Sunday 12 January 2014

Review: The QuizUp App!

A tiny handful of the topics available.
The Ones That Got Away's jet-setting lifestyle has kept it a bit busy of late, so no weekly pub quiz fails to talk about today. Instead I thought I'd stick up a quick mention/review of one of the reasons I've not had time to write blog posts: QuizUp!

QuizUp is an app (currently exclusive to iOS devices but supposedly coming to Android by the end of the month) on which, you'll be surprised to hear, you can play quizzes. There are of course plenty of apps which let you play quizzes, but this is one of the best I've encountered. It's well implemented, slickly designed, and boasts a colossal number of questions across a truly heroic range of subjects. There are the basics, from simple General Knowledge through Geography, History, Science, etc., to more specific offerings such as Mixed Martial Arts, Woody Allen, and Sex and the City. (Thank heavens for the Oxford comma.) If you fancy mixing a bit of brain training into your quizzing, then you can even dabble in mental arithmetic and word puzzles to keep things fresh.

"If"? Or "When"???
The real selling point, though, is the ease - and speed - with which you can challenge your friends to a test of quizzing mettle. Meanwhile, if your quiz-obsessed lifestyle somehow doesn't leave you time for friends, there are always people from all over the world online to take you on instead. Who knows, maybe there's a hollywood blockbuster waiting to be written about love blossoming from a shared love of Fruits and Vegetables trivia.

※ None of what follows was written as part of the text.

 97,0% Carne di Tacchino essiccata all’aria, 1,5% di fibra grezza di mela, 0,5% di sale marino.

The mechanics of the game itself are straightforward. Both players are faced with a series of seven questions, each of which has four possible answers. You get ten seconds to answer and a correct response is worth ten points plus however many seconds you had left (rounded up) on your clock. So if you recognize the flag of the Seychelles in under a second, you'll score the full 20 points, while if you're a bit slower you may drop a point or two that could prove crucial later on. The final question is worth double points, in fairly transparent deference to the quiz show trope of weighting later rounds to minimize the risk of the game being decided early.

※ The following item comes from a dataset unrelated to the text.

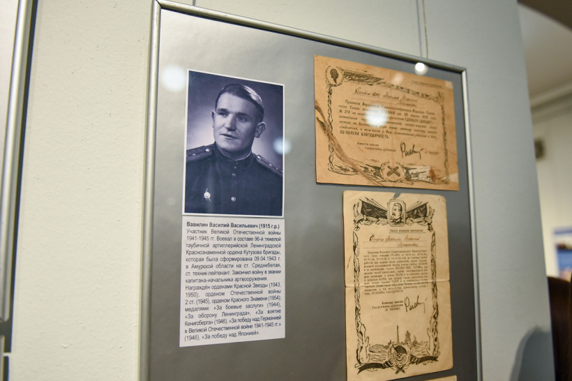Открыла выставку зампред правительства региона — министр образования и науки Амурской области Светлана Яковлева. Она напомнила присутствующим, что нация сильна своей памятью. И именно свидетельства войны тех лет не дают забывать о том, кому мы обязаны жизнью.

Post-game statistics allow for quiet
contemplation (also crying).
I've already alluded to several positives of the app, but on the mechanics of gameplay itself a lovely aspect is that you can see when your opponent 'buzzes in' and whether they've got the question right while you're trying to think. This allows for some mild meta-gaming as you can either put pressure on your opponent with a quick correct answer, or completely eliminate it with a wrong one. A further option is asynchronous play, so if someone isn't online when you want to test their Desperate Housewives knowledge you can do the quiz immediately yourself and they can play the same questions later.

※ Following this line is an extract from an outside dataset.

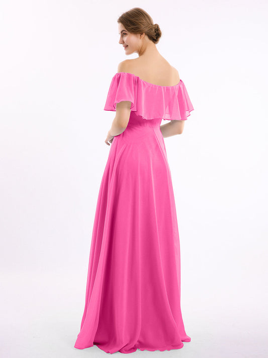 Vestido largo de chiffon con hombros descubiertos Azalea

Other more minor features include achievements/challenges (such as attaining a perfect score of 160, or coming back to win after a bad start) and 'titles' you can unlock by levelling up in the various categories. These don't particularly interest me (and the levelling up seems to be a matter of how much time you want to put into the game rather than any sort of ranking system, which is a shame) but are ultimately so peripheral to the game itself that they don't get in the way. The app is constantly updating its repository of questions, too, so if you somehow exhaust the current corpus of questions (spoilers: you won't), new content will likely be just around the corner.

One of my favourite questions in the
history of pretty much everything.
There are, however, some downsides, and for me the biggest one is the fixed game length. Seven multiple choice questions is probably a good number for your typical random game against someone, but among friends I'd really like the option to play much longer rounds. All too often a game is decided by one player's blind guess (a possibility made more likely by the final question's doubled value) which inevitably feels somewhat anticlimactic. A 'custom challenge' mode would, for me, take it from an excellent distraction to a serious quizzing tool. Another limitation is the occasional question whose answer is simply wrong, which is a touch sloppy, but nevertheless forgivable given the game's scale and price.

Otherwise, this is an excellent app, and for the princely sum of £0.00 you really can't go wrong. If you do pick it up, and fancy a challenge, I can be found on there under the name 'Raccoon', while my fellow Only Connect champions exist under the rather more obvious (i.e. boring) Hywel Carver and Jamie Karran. Don't worry if you find yourself addicted though, just call it an investment for future trivia glory (or at least the occasional bit of beer money at your local pub quiz).